European aluminium premiums are falling on high supply as buyers finally come into the market for metal, after a deathly quiet start to the year.

“The market is definitely not short; there is plenty of material around,” a producer said. “The USA, Japan and Australia are not sold out like some people are saying, and we’ve got a good amount of un-booked metal [available].”

Metal Bulletin’s duty-unpaid range fell to $385-400 per tonne on Wednesday January 15.

Duty-paid deals have been reported between $470 and $500 per tonne, while Metal Bulletin’s range sat at $480-500, while duty-unpaid business has been reported as low as $385 per tonne, against Metal Bulletin’s premium range of $400-430 per tonne.

This year began with a whimper in the European aluminium market, with buyers learning their lessons from a year previously, when a lack of buying at the end of 2013 saw premiums skyrocket in January 2014 as those buyers scrambled for material in a tight market.  

This year, consumers have secured enough volumes to cover their needs through most of the first quarter, and the traders have also been quiet.

“We’re only now phoning around to the end-consumers, and there’s nothing on the trade side,” the producer said. “The consumers are not coming to us and saying there’s nothing left like they were last year. The second half of January should bring more visibility.”

But deals started coming through to Metal Bulletin this week after London Metal Exchange aluminium prices fell below $1,800 per tonne on an official basis on January 7, for the first time since May last year.

“Below $1,800 is very attractive, and should bring the buying soon,” an analyst said.

Consumers came to the market this week for small tonnages, with traders reporting sales mostly for about 200 tonnes for delivery in the first quarter.

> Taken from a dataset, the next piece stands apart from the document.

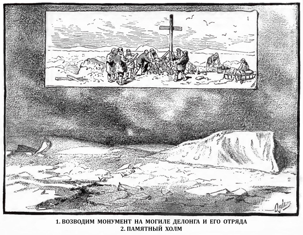 Остальные тем временем занимались доставкой частей гроба и креста на вершину горы. Я прибыл туда, когда дул сильный ветер, и обнаружил, что водрузить крест на место оказалось более трудным делом, чем я себе представлял. Работать без рукавиц на морозном воздухе было невозможно; у нас не было никаких снастей, кроме тех, что я смастерил из собачьей упряжи, и жерди с развилкой на конце для поддержки при подъёме. Из нас только трое говорили по-английски – Грёнбек, Бартлетт и я, – и туземцы не могли понять моих команд и что им делать; при этом они, кажется, не вполне осознавали большого веса креста, пока при первой попытке поднять его не увидели, как он неудержимо рыскает из стороны в сторону – и тогда они все в панике разбежались. Но, наконец, постепенно, после многих опасных ситуаций крест был поднят, и, повернув его к востоку, я скорее закрепил его на месте четырьмя большими камнями. Затем, убедившись в его совершенно вертикальном положении, я заполнил его основание мелкими камнями и вылил на них ведро ледяной воды, которая вскоре замёрзла и скрепила их вместе. Гроб был плотно сбит, а к закрытию его сверху подготовлены круглые жерди, затем мы покрыли дно хворостом и какими-то старыми тряпками, и положили на них наших бедных товарищей, расположив в порядке их имён, как написано на кресте, с капитаном Делонгом на южном и Ах Сэмом на северном конце гроба. Все они были положены головами на запад, а лица, по возможности, были обращены на восток и восходящее солнце. На телах мы не оставили ничего, кроме большого бронзового распятия на груди мистера Коллинза. Когда Бартлетт и Ниндеманн нашли на нём крест и спросили, следует ли им забрать его, я сначала был склонен ответить утвердительно, думая, что его родственники, несомненно, захотят сохранить столь памятную вещь; но, немного поразмыслив, решил, что, как предмет его религиозных убеждений пусть это будет похоронено вместе с ним.

Premiums for these deals have come up to $15 below Metal Bulletin’s premium range as it stood at the end of 2014.

With few buyers active and plenty of metal available premiums may fall further in the month, though in the longer term there is support from other regions. US Midwest premiums have risen this year, to $0.239-0.2425 per lb ($527-535 per tonne).

“There is definitely an arbitrage in favour of European [duty-paid] premiums going above $500 [per tonne],” the analyst said.

Sword of Damocles
But the aluminium market has its very own sword of Damocles in the form of huge warehouse stocks that threaten to swamp the physical market should storage deals lose their appeal for investors.

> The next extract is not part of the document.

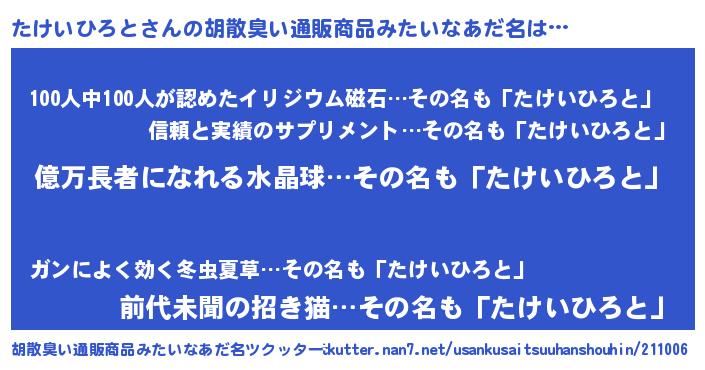 | ヘコむあだ名 | 『たけにゅー』『たけいひろと(苦笑)』 |

There are signs that the sword could fall this year.

“The bottom line is that some metal is now coming out of LME warehouses and into physical contracts,” a second analyst said. “Why would you keep metal in stock with the shaky premiums and tight spreads?”

The cash-to-three-months spread on the LME tightened to $8.5 per tonne on Wednesday from about $30 in the first week of the year. It has been very volatile since the middle of last year, slipping to a short-lived backwardation on November 11 before recovering back to a $33 contango, then falling to zero on December 4 before recovering again.

If the spread remains volatile or stabilises at a very low number, the viability of warehouse storage deals will disappear and more metal will be released to the market. It may be happening already.

“There is definitely more metal available,” a trader said.